2.1. Conventional Method

Enhancing network efficiency and lowering energy usage would provide major contributions to the developing field of UAV-assisted multi-access edge computing (MEC). In order to address the need for energy-efficient resource allocation, ref. [21] presented a system that utilized MEC-enabled UAVs and ground-based base stations. The system used the Block Successive Upperbound Minimization (BSUM) method, which represents a novel approach to resource allocation. A different study [22] demonstrated how non-orthogonal multiple access (NOMA) may be integrated with UAV flying base stations. It achieved this by using a path-following algorithm to solve a non-convex optimization problem, thereby demonstrating the advantages of NOMA in improving wireless communication. Wu et al. created an effective iterative technique to optimize user scheduling, UAV trajectory, and power control in order to maximize throughput in multi-UAV enabled systems [23]. This method showed improvements, optimizing user performance while navigating the intricacies of optimization. In order to dramatically lower latency and increase spectral efficiency in 3D wireless networks, the author [24] presented a novel framework for 3D cellular network planning and cell association. This framework uses kernel density estimation and optimal transport theory, providing a ground-breaking approach to 3D cellular architecture. In contrast to most previous research that focuses on homogeneous UAV fleets, ref. [25] proposes a deployment approach for a heterogeneous UAV network. UAVs with different service capabilities, transmission powers, and battery lifetimes are used in this network. In this heterogeneous UAV network, user coverage is optimized using a traditional approximation algorithm.

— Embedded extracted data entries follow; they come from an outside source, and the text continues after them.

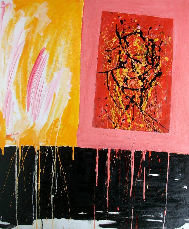 (three canvas = one canvas) Cm 100 x 81, 2012. Created in Paris, France. There is a red painting at the wall of a room. It's a canvas composed with three hand-sewn canvases.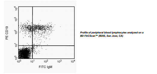 The G20-127 monoclonal antibody specifically binds to the heavy chain of human IgM. It does not react with other immunoglobulin heavy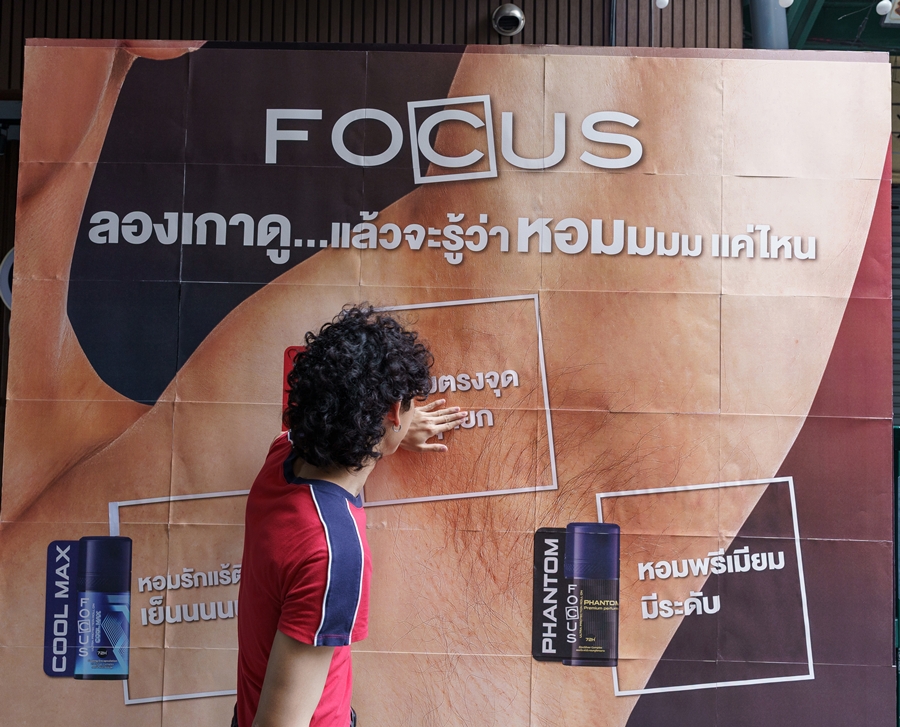 จุดที่สอง – แบ็คดรอปยักษ์ภาพวงแขนผู้ชายแบบเสมือนจริง พร้อมให้ลองเกาเพื่อทดลองพิสูจน์ 3 กลิ่น ยอดนิยมจากโฟกัส ได้แก่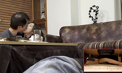 мамаша втайне вожделеет мужчину, который не является ее супругом, резвящимся сама с собой под столом - трио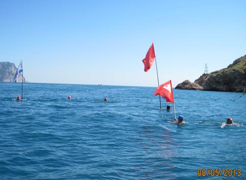 Отважные пловцы со Знаменем Победы, флагами ВМФ СССР и города-героя Севастополя преодолели расстояние около 3 км, стартовав в районе пляжа "База отдыха Васили" и финишировали на пляже "Матросский" под бурные приветствия многочисленных отдыхающих.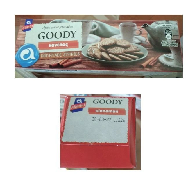 Ο ΕΦΕΤ και ειδικότερα η Περιφερειακή Διεύθυνση Δυτικής Ελλάδας, κατά τη διενέργεια ελέγχων στο πλαίσιο του Προγράμματος «Επίσημος Έλεγχος για την Παρακολούθηση των Επιπέδων Προσθέτων Τροφίμων και Αρωματικών Ουσιών σε Τρόφιμα» έτους 2021, προέβη σε δειγματοληψία τροφίμου με τα στοιχεία: «Αγαπημένα μπισκότα GOODY Κανέλας Αλλατίνη» 185 gr (Ημ/νια Λήξεως: 30/03/2022, Αρ. Παρτίδας L 1226), που παράγεται από την εταιρεία «ELBISCO A.E.».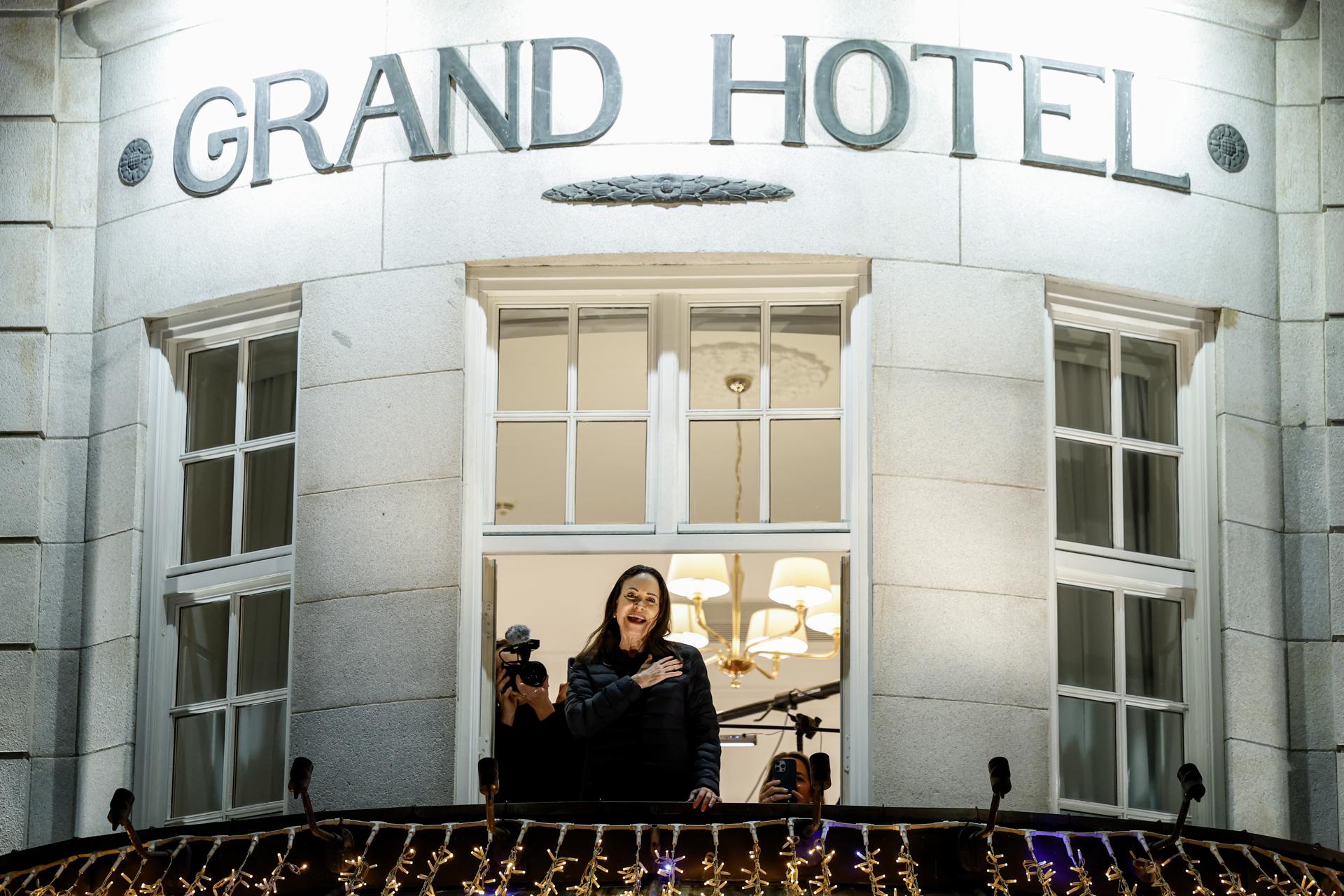 La Premio Nobel de la Paz, María Corina Machado, reacciona desde el balcón del Grand Hotel de Oslo, Noruega, el 11 de diciembre de 2025. Recibió el Premio Nobel de la Paz 2025 por su incansable labor en la promoción de los derechos democráticos del pueblo venezolano y por su lucha para lograr una transición justa y pacífica de la dictadura a la democracia. Debido a la situación en Venezuela, no pudo asistir a la ceremonia de entrega de premios. (Noruega) EFE/EPA/JONAS BEEN HENRIKSEN

2.2. Optimization Approach

The problem of controlling and deploying UAVs in communication contexts can also be formulated as a non-convex optimization problem [26]. These issues are inherently complicated and frequently categorized as NP-hard [27], which highlights how challenging it is to solve them using traditional optimization techniques. This difficulty helps to explain why RL is becoming more and more popular as a substitute method for handling certain optimization problems. With regard to UAV-based communication systems, reinforcement learning’s flexibility and learning-based approach present viable ways to move beyond the conceptual and computational obstacles that come with more conventional optimization methods.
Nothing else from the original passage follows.